Live from Baghdad… With Koop!

Bush Might Never Tell You, But Iran Rules the Roost

March 12, 2007 — Baghdad ( EXCLUSIVE) —  I drove in Baghdad the other night from Kuwait with little or no trouble — except that I received a speeding ticket from one of the new Iraqi traffic police who was riding a pretty small pink Vespa motor scooter.  I could have outrun him, but a simple $5.00 bill “paid the ticket” anyway.

Not being a pansy, I checked into a cheap hotel that was not in the Green Zone.  I like to go native.  It’s difficult, however, when you are blonde with blue eyes — even though I was wearing local dress.  I don’t think I fooled anybody, but then again, I am neither Sunni nor Shi'a, so I knew I could roam freely in my Gucci sandals.

I have traveled to Baghdad to witness the historical (or hysterical) meeting between United States and Iranian officials who met publicly in Iraq this weekend.

The problem to be resolved: making sure the Sunni minority can protect itself against the Shi'a majority now in control of Iraq.

I was also scheduled to have dinner with Iraqi Vice President Tariq al-Hashimi. I call him Hash.  We go back a long time by Iraqi standards — two days.

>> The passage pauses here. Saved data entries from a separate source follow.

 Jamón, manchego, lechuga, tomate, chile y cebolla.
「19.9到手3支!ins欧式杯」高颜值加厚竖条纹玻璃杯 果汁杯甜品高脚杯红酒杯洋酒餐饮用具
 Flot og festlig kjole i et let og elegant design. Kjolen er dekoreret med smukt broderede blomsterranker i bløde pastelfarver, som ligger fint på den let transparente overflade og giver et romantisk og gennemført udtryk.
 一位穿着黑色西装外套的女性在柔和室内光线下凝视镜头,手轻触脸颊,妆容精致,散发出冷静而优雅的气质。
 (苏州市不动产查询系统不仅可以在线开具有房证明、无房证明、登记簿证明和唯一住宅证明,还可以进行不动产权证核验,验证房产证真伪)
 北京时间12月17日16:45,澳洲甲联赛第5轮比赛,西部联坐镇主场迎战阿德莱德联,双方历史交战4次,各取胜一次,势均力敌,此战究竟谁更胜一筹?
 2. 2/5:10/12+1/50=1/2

At any rate, it turned out that Hash had flown the coop (pardon the pun) and jetted off to Iran for a tête-à-tête with Iranian fist vice president Parvis Davoudi.  I have also met him at my cousin’s home and picked up his nickname as well; Dave. 

So I was out of luck and pretty upset — but luckily, Hash telephoned very late after his meeting with Dave and filled me in.

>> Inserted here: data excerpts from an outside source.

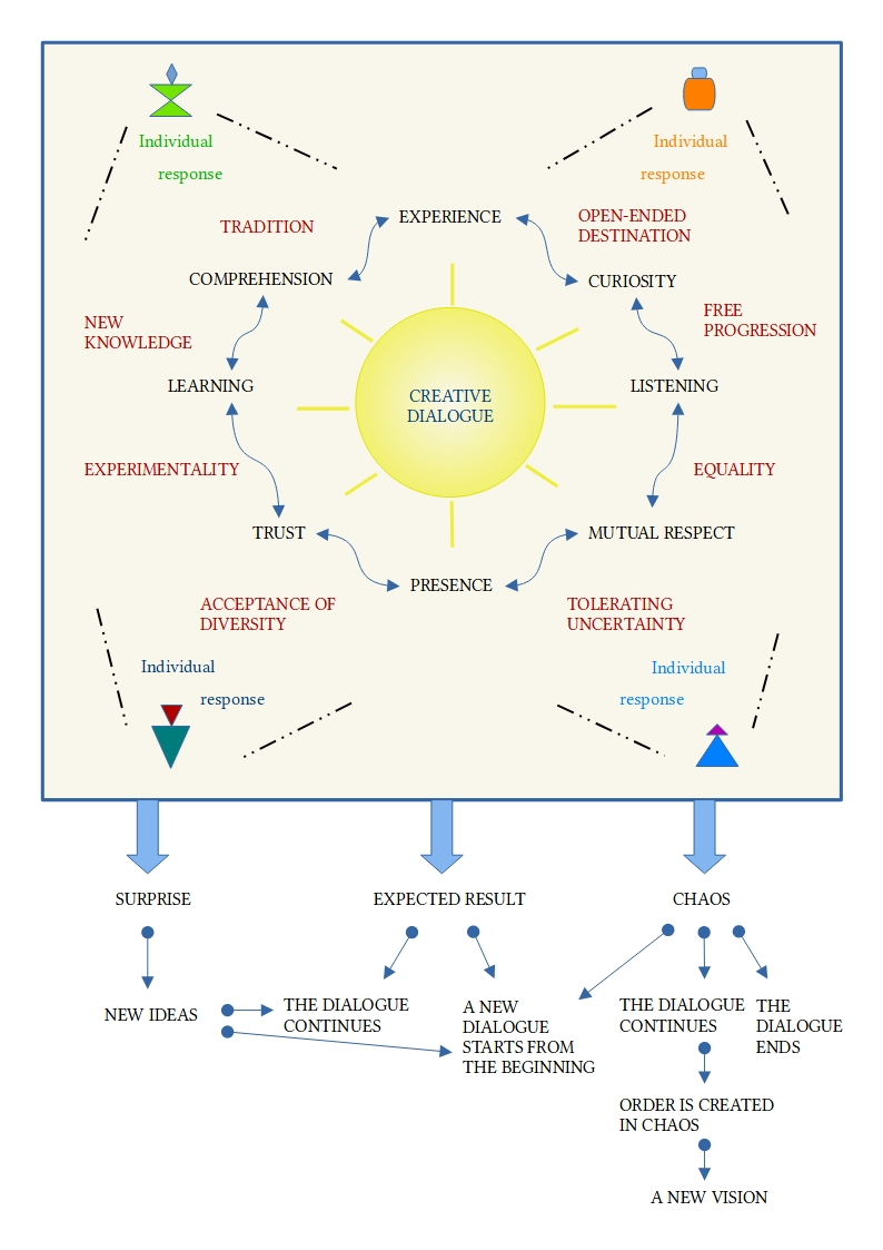 Creative dialogue requires participants to have a common understanding of the key principles and practices that support the development of improvisation in the interaction between participants. The personal reaction of each individual becomes a part of the whole, modifying it in its way. The goal is not a pre-agreed outcome, but the improvisation is allowed to proceed freely, and participants should be given an equal opportunity to act. Effective improvisation requires that participants be able to listen and react, that is, to concentrate, to be genuinely present, and to strive to understand different ways of performing. Communication is based on trust and mutual respect between group members, which in turn encourages participants to experiment in a playful manner and diminishes the fear of failure.
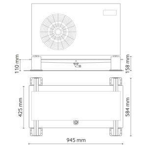 Permite instalarea tavii de drenaj a condensului la o înălțime de doar 110 mm de la sol. Este fabricat din material termoplastic de înaltă rezistență. Suporturile de sol sunt stivuibile și permit aplicații multiple pe înălțime. Barra de conectare permite variații de lungime și adâncime. Suporturile de sol includ un garnitură din cauciuc TPE pentru amortizarea vibrațiilor, asigurând o instalare sigură pe sol. Brackets din oțel inoxidabil pentru fixarea suporturilor pe sol. De asemenea, sunt disponibile ca suporturi de sol fără tava de drenaj a condensului.
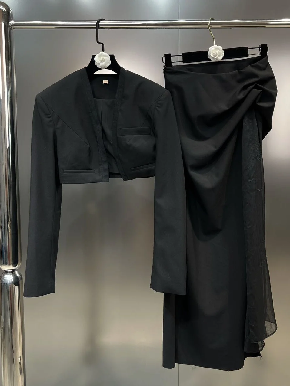 WcOQHqaenHere you can buy 2023 Autumn New Collection V Neck Short Jacket High Waist Ruched Irregular Long Skirt Two Piece Set Tracksuits GL358 with free delivery to your post office.
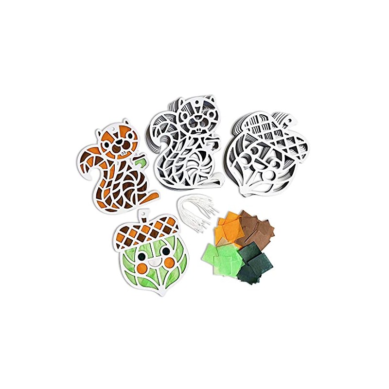 Kipp Brothers DIY Squirrel & Acorn Suncatcher Tissue Paper Craft- Great for Sunday School, Vacation Bible School, Classroom Projects & More (24 Per Pack)

So here’s an exclusive for you:

Hash is a Sunni.  Now, remember: most of the Iranians in power now are Shi'a.  That’s not good, at least for Hash and his friends.

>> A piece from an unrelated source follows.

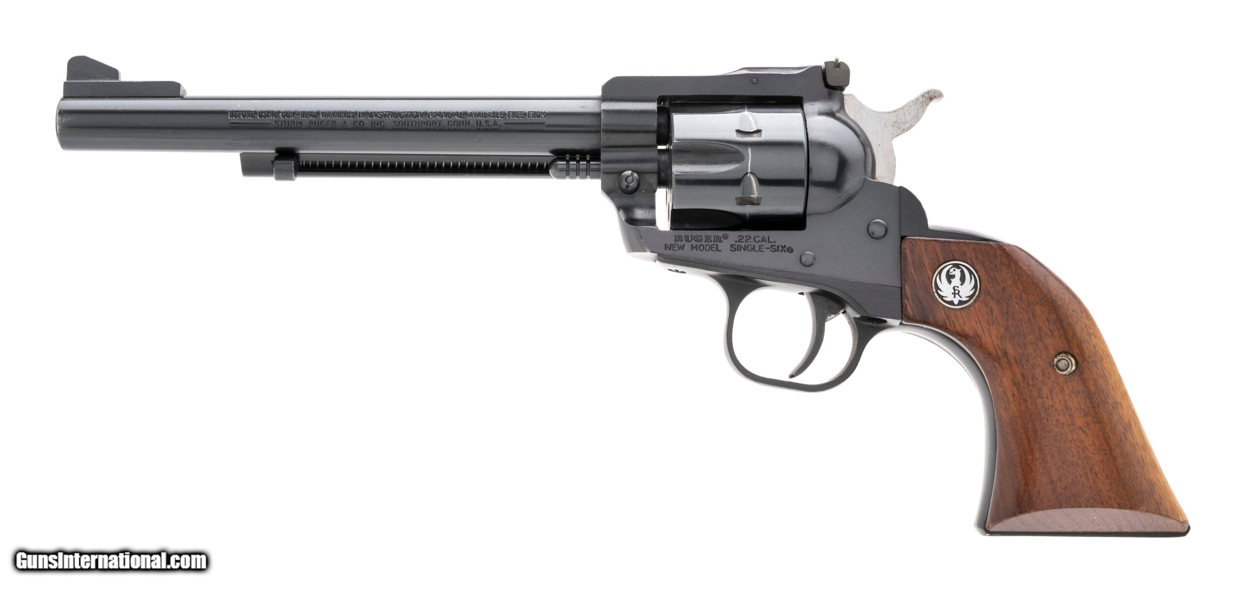 Description: "SN: 68-93786. Made in 1981, .22LR with a 6.5"" barrel. Single action revolver with blued finish and wood grips. Very good condition. SOLD |

At the American-Iranian meeting the day before Hash left, it was agreed that Iran would meet with someone from the Iraqi Sunni community and try to work something out to soothe the Sunnis as Iraq attempts to put together a new framework with Iran.  The United States representatives in Baghdad are also very unhappy with the Shi-a-on-Shi'a coziness between Baghdad and Tehran, so it insisted that the Sunnis get a fair deal from Iran as well. How we in the U.S. can insist on anything from Iran is tough to understand — but it sounds good.

Hence Hash, takes off to see Dave and a few other Iranian officials. 

I didn’t envy him — having gone begging to the most powerful nation in the Middle East aside from Israel.

What struck me though was that given his family background he is definitely not talking to Iran as simply another Iraqi official.  Instead he is there as a Sunni representative.

Weird is not the exact word to describe this — but I will settle for creepy.